EXERCISE:
Retype the lines below exactly, but only those from the line that has "關於門票的部份,東京迪士尼樂" through the line that has "- Construction durable". Omit every picture.

#### DATASET EXCERPTS

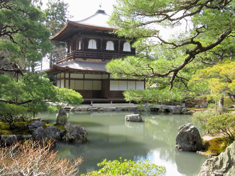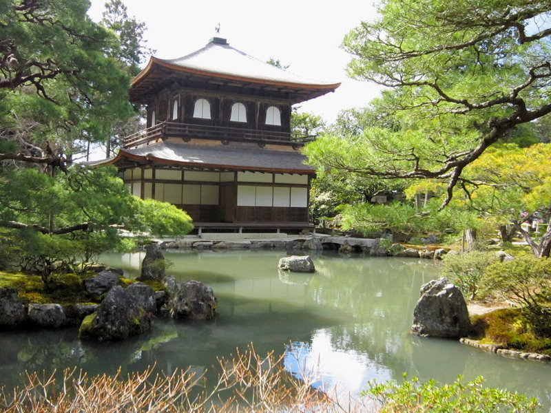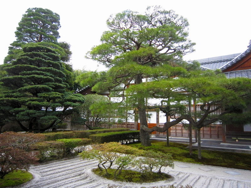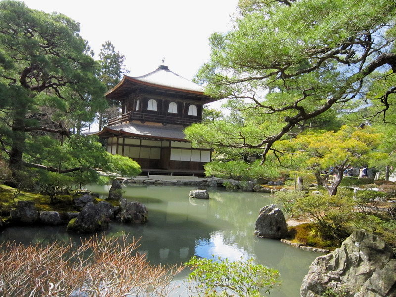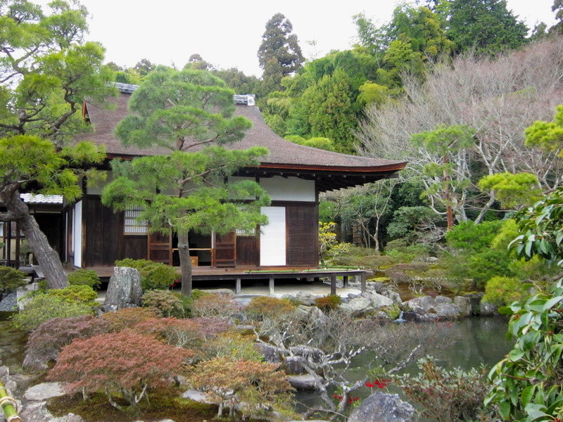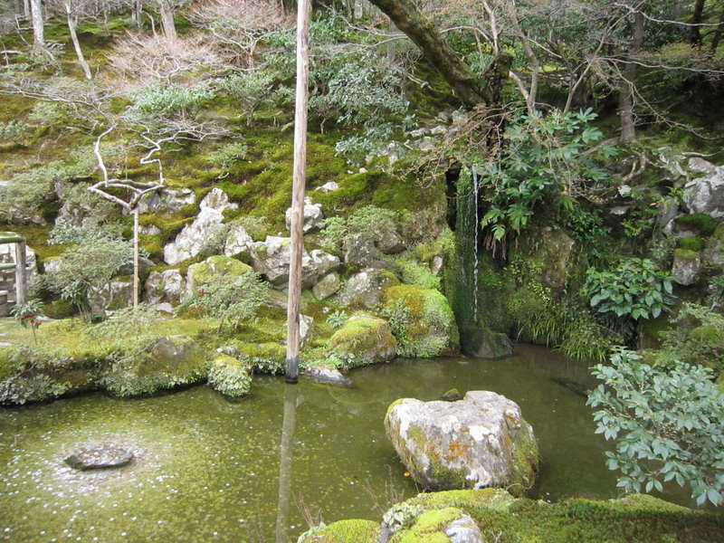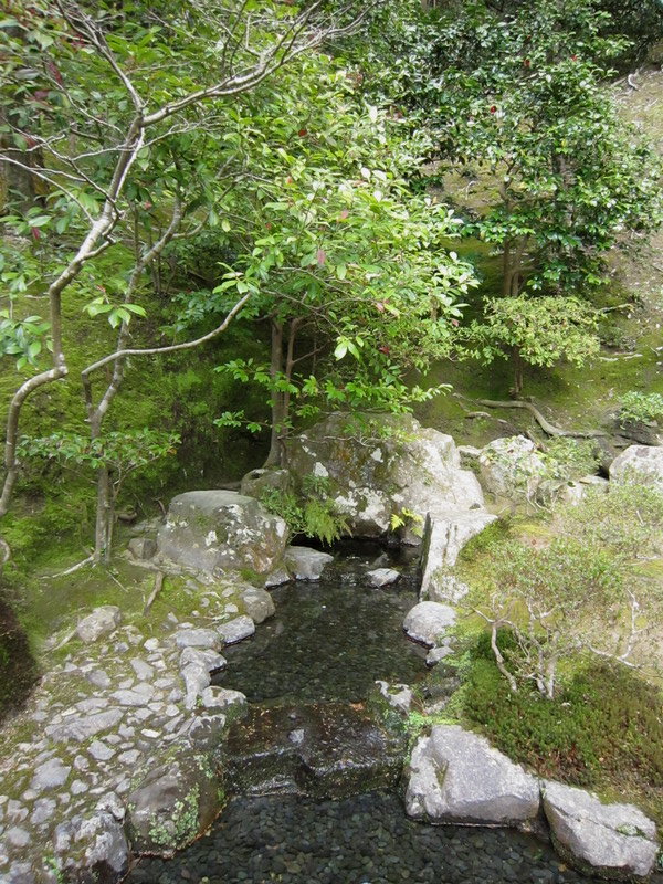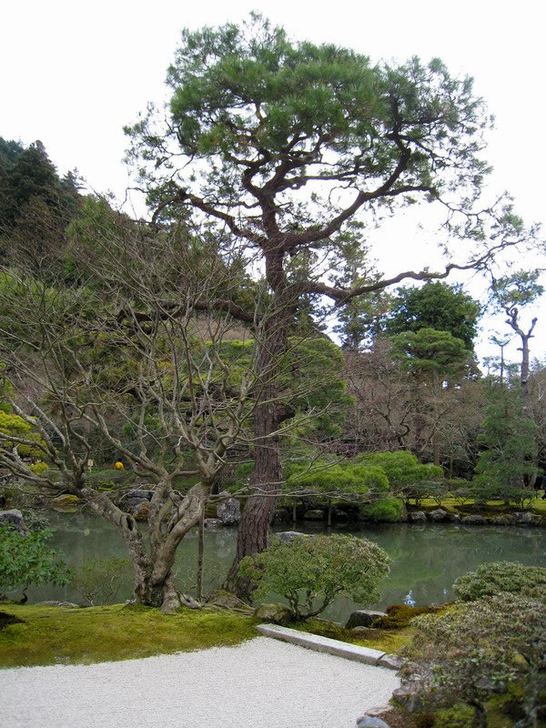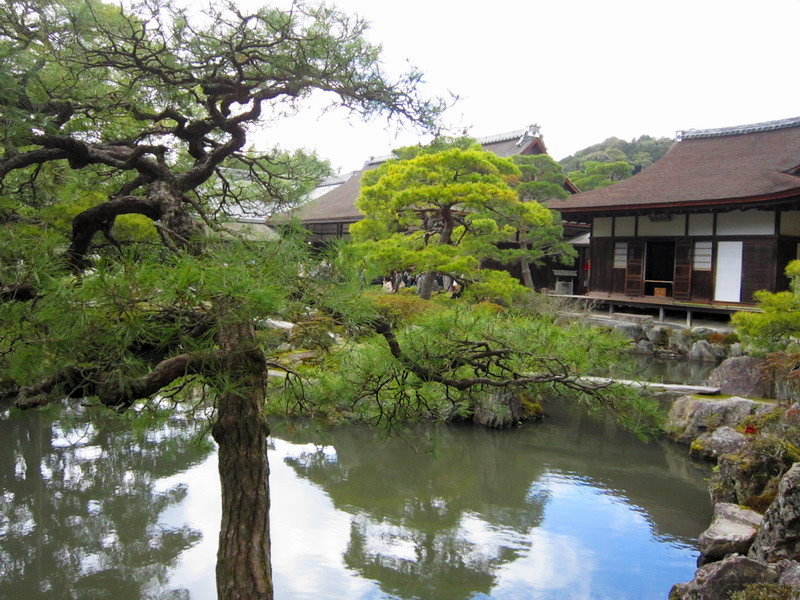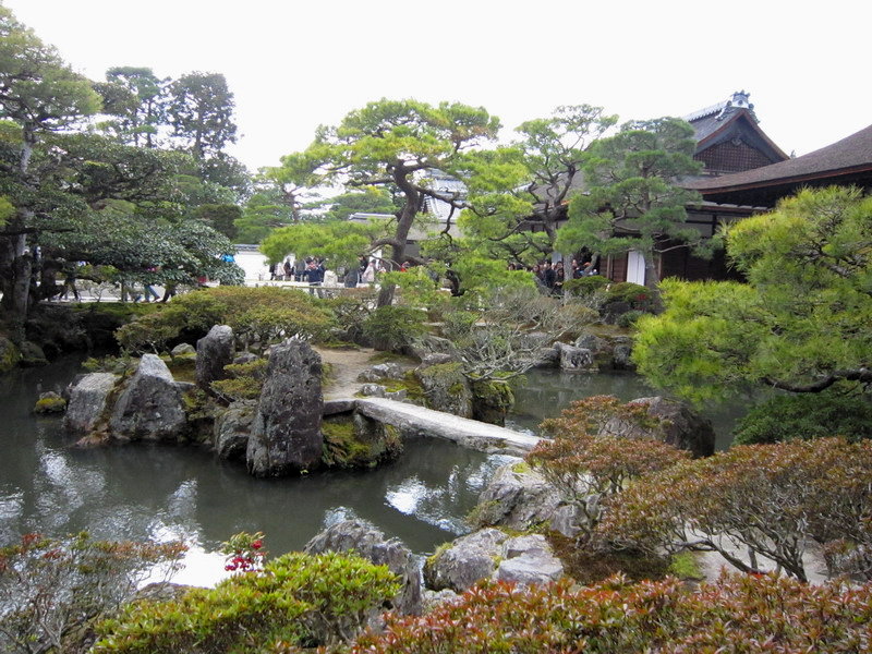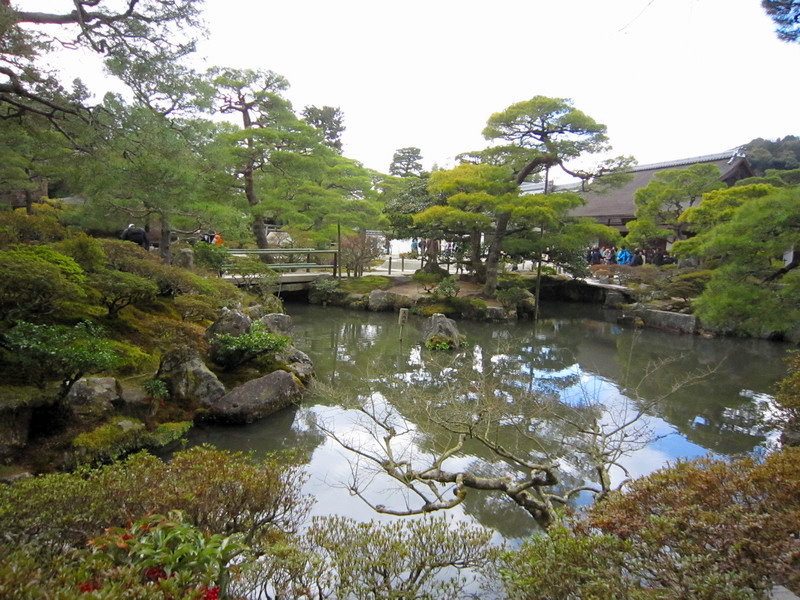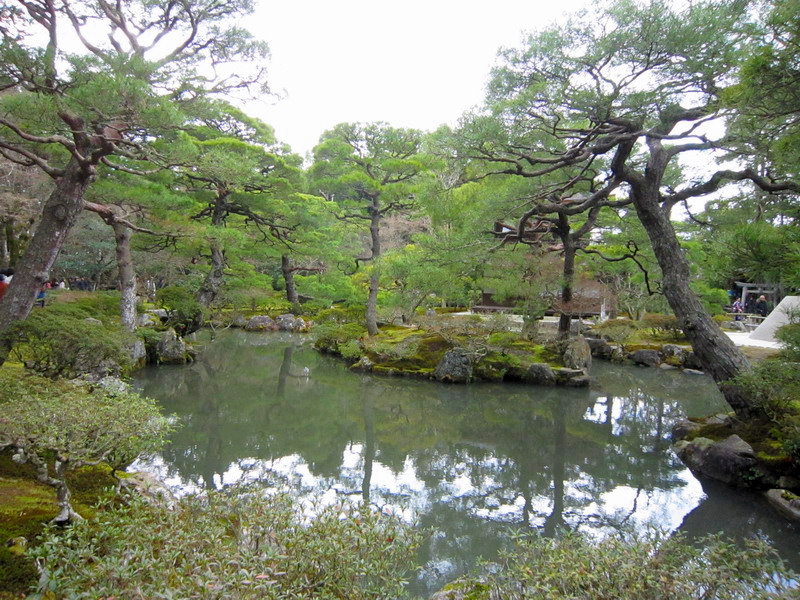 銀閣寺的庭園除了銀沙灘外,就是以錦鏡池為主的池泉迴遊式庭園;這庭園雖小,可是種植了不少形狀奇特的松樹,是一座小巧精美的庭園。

########
#### DATASET EXCERPTS

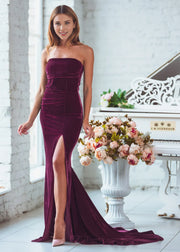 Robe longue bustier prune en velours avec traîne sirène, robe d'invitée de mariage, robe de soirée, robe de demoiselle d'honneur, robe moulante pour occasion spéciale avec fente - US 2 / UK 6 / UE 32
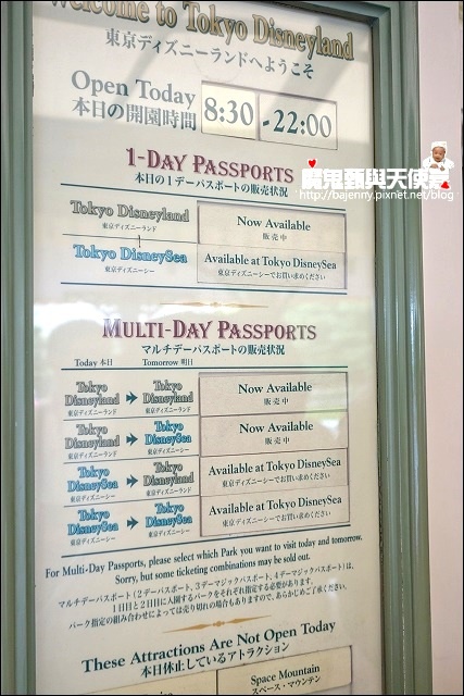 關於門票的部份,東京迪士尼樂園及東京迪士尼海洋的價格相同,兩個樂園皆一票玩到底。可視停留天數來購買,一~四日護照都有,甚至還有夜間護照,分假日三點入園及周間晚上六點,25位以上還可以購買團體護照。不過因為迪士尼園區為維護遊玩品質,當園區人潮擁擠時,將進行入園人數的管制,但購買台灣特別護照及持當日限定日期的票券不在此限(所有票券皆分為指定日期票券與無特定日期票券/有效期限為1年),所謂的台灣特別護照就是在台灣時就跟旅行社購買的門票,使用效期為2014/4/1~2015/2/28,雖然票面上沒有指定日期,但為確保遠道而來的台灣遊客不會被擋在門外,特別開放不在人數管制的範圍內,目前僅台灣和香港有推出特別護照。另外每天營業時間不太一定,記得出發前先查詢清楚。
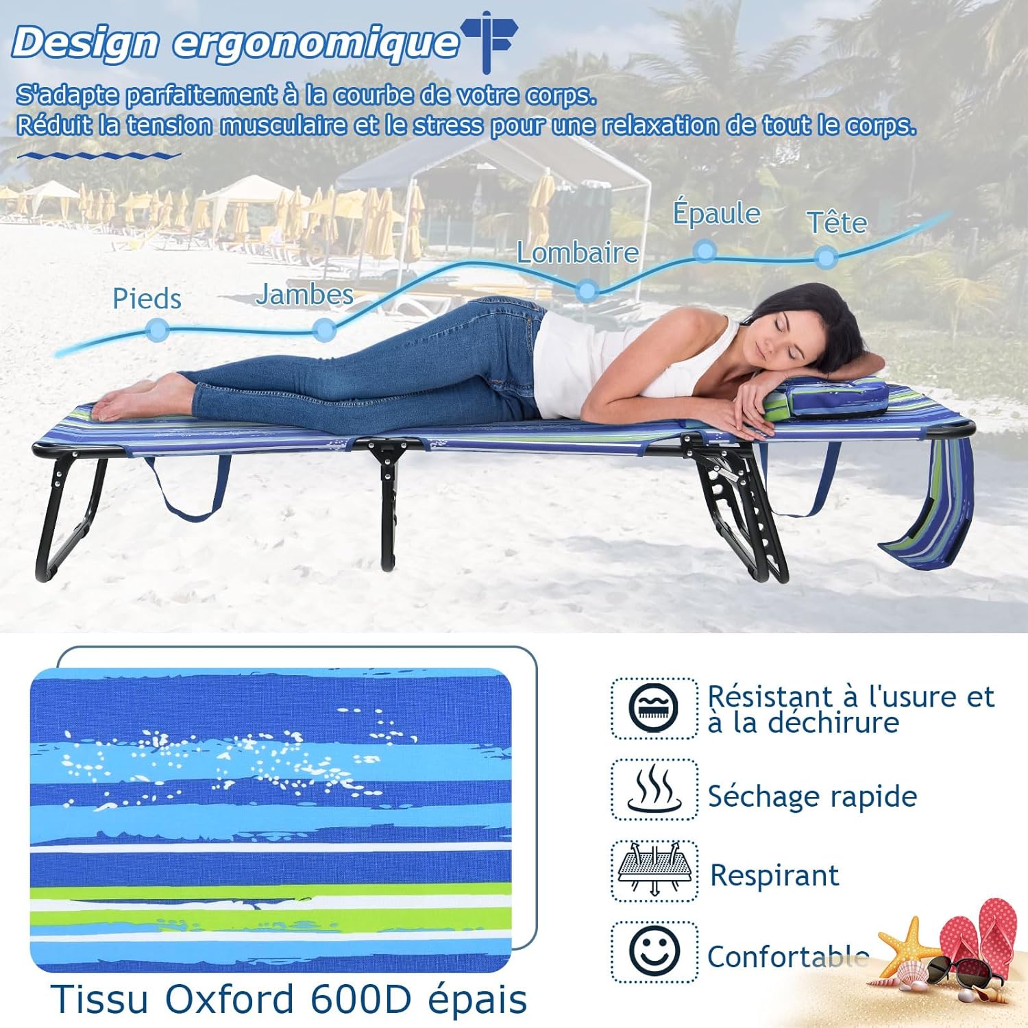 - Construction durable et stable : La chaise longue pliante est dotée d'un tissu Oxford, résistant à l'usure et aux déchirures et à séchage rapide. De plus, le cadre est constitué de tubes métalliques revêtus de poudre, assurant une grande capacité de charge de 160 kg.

########

EXERCISE SOLUTION:
 關於門票的部份,東京迪士尼樂園及東京迪士尼海洋的價格相同,兩個樂園皆一票玩到底。可視停留天數來購買,一~四日護照都有,甚至還有夜間護照,分假日三點入園及周間晚上六點,25位以上還可以購買團體護照。不過因為迪士尼園區為維護遊玩品質,當園區人潮擁擠時,將進行入園人數的管制,但購買台灣特別護照及持當日限定日期的票券不在此限(所有票券皆分為指定日期票券與無特定日期票券/有效期限為1年),所謂的台灣特別護照就是在台灣時就跟旅行社購買的門票,使用效期為2014/4/1~2015/2/28,雖然票面上沒有指定日期,但為確保遠道而來的台灣遊客不會被擋在門外,特別開放不在人數管制的範圍內,目前僅台灣和香港有推出特別護照。另外每天營業時間不太一定,記得出發前先查詢清楚。
 - Construction durable et stable : La chaise longue pliante est dotée d'un tissu Oxford, résistant à l'usure et aux déchirures et à séchage rapide. De plus, le cadre est constitué de tubes métalliques revêtus de poudre, assurant une grande capacité de charge de 160 kg.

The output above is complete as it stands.